Lecture 21 Oldham Shaft Coupling : 1st Inversion of variation of Crank - Slider Mechanism OR Double Crank Mechanism ( Crank - Crank Mechanism) with Double Slider in the form of cylindrical disc as Coupler Link.

The first inversion of variation of Crank - Slider Mechanism OR Double Crank Mechanism (with Double slider as Coupler Link) is obtained by fixing the link that has revolute pair at both ends . 

The  coupler link-3 ( Double slider)  has a prismatic pair (P4) in the horizontal direction with link 4 (1st slider) and prismatic pair (P3) in a vertical direction with link 2 (2nd slider). 

So, thus if one rotate link 2 (2nd slider) which is in translation with couplar link 3 ( Double Slider ) which is again in translation with link 4 ( 1st slider of 2R2P mechanism / Original Slider of  Crank - Slider Mechanism). 

Thus link 4 ( 1st slider) and link 2 ( 2nd slider) have only relative translatory Motion. 

In other words, they have the same angular motion. 

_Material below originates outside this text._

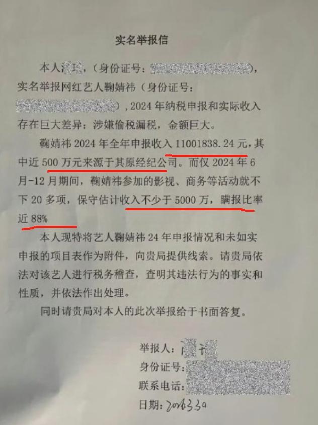 鞠婧祎被实名举报偷税漏税! 在与前公司解约的关口上,鞠婧祎应该不敢偷税漏税,站台和活动30多万一次比较合理,代言费用上百万也没啥问题,但是杂志销量900万和1100万是杂志总销量,这笔钱不可能给鞠婧祎一个人,偷税漏税流程一般要审查四五个月,官方通报,鞠婧祎去年9月开始被举报,经过几个月审查,未发现偷税漏税问题,丝芭否认举报鞠婧祎的主体。
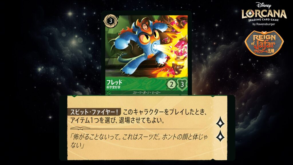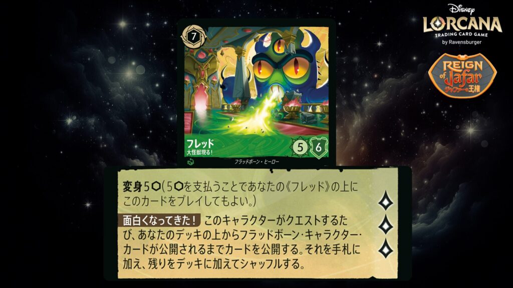 🎯 <変身>5インク(5インクを支払うことであなたの《フレッド》の上にこのカードをプレイしてもよい。)

Thus, this mechanism known as Oldham coupling can be used to connect two parallel shafts: one at O2 ( vertical direction) and other at O1 ( horizontal direction) and transmitting unity angular velocity ratio.

In other words, the first inversion of Crank - Double slider - Crank Mechanism is obtained by fixing the connecting link between two sliders. 

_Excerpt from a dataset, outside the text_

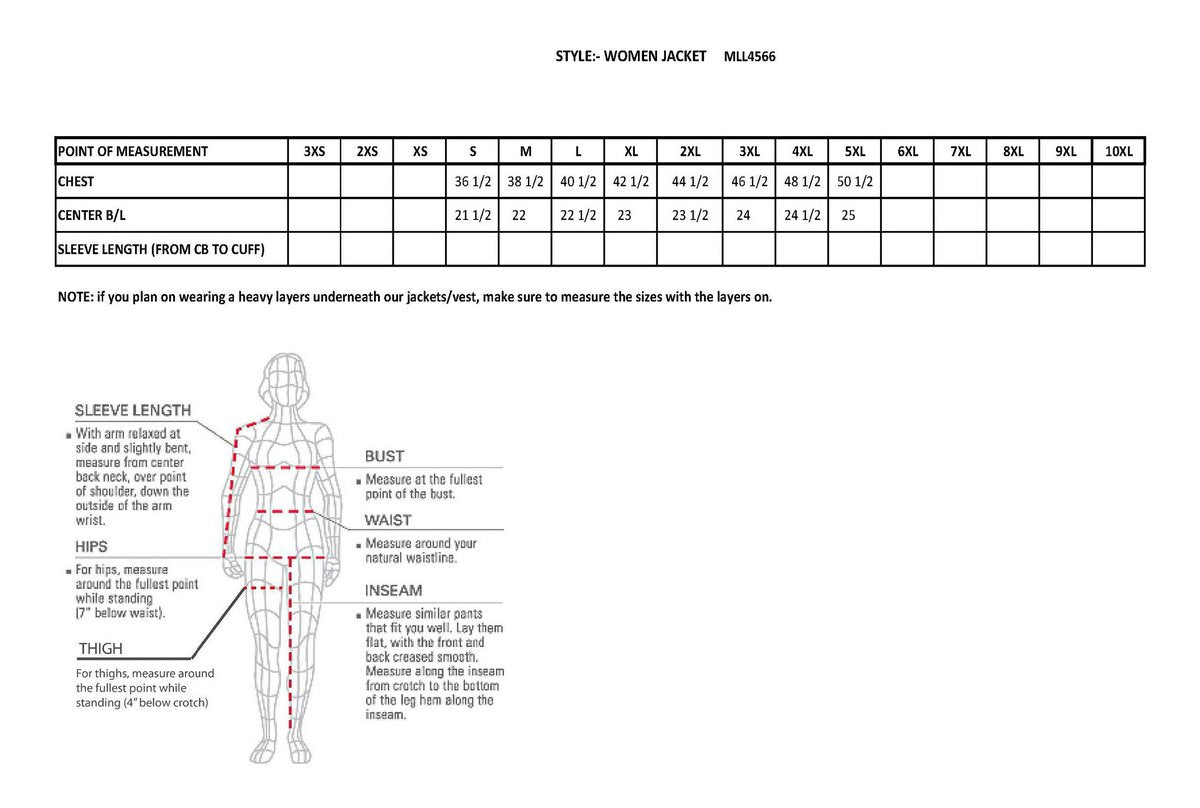 - Ladies leather can run two sizes smaller – measure your chest size!

Link - 2 (2nd slider) may also rotate about O2 and Link -4 (1st slider) may rotate about O1. 

If 2nd link (2st slider) is rotated through a definite angle, then couplar link - 3 ( Double Slider) and the other slider (1st) / link 4 must rotate through the same angle, and, as rotation takes place, the couplar link -3 (Double Slider) will slide relative to each of the two sliders (1st and 2nd).

The 'Oldham shaft coupling' is an example of this inversion.

Kinematic links of Oldham shaft coupling :

Fixed link = Frame = Connecting link between 1st Slider( link - 4) and 2nd Slider( link - 2) 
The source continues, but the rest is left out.